Look in the material below for the line with "在找不同3:找找看!中,难度" and the line with "En el video", then set down exactly those two lines and all lines between, nothing more.

**EXERCISE MATERIALS**
+ + + + + + +
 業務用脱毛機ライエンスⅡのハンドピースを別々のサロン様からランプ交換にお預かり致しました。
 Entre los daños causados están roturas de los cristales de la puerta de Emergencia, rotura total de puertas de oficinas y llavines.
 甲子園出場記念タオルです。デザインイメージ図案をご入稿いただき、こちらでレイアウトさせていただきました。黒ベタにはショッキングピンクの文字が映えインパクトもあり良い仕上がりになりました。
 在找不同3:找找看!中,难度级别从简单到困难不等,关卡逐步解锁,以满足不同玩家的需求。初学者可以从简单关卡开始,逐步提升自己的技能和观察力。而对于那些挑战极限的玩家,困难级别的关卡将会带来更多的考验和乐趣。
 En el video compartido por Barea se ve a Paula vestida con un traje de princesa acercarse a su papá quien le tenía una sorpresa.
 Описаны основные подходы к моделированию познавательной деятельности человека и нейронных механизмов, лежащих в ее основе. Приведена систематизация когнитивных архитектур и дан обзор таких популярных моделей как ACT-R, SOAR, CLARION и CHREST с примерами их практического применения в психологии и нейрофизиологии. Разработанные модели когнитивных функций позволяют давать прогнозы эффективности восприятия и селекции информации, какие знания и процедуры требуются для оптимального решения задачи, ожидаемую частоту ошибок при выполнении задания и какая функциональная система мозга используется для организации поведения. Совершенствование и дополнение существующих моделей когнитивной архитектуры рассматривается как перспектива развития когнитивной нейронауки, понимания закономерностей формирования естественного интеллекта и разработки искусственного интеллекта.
+ + + + + + +
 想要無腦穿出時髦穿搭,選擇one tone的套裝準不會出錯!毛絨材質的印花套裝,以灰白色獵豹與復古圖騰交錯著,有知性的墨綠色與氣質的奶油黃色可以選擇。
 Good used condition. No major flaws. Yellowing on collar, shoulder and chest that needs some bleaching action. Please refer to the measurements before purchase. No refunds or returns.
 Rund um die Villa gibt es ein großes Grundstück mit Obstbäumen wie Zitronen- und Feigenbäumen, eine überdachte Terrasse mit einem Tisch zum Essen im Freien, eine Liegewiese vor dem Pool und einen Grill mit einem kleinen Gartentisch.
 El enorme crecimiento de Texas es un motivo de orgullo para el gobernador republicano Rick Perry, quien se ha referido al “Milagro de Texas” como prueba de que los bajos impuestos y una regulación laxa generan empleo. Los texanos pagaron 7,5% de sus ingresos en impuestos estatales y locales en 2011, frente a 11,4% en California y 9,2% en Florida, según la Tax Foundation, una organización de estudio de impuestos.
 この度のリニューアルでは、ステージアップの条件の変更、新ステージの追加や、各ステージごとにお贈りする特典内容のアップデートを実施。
+ + + + + + +
**SOLUTION TO THIS TASK**
 在找不同3:找找看!中,难度级别从简单到困难不等,关卡逐步解锁,以满足不同玩家的需求。初学者可以从简单关卡开始,逐步提升自己的技能和观察力。而对于那些挑战极限的玩家,困难级别的关卡将会带来更多的考验和乐趣。
 En el video compartido por Barea se ve a Paula vestida con un traje de princesa acercarse a su papá quien le tenía una sorpresa.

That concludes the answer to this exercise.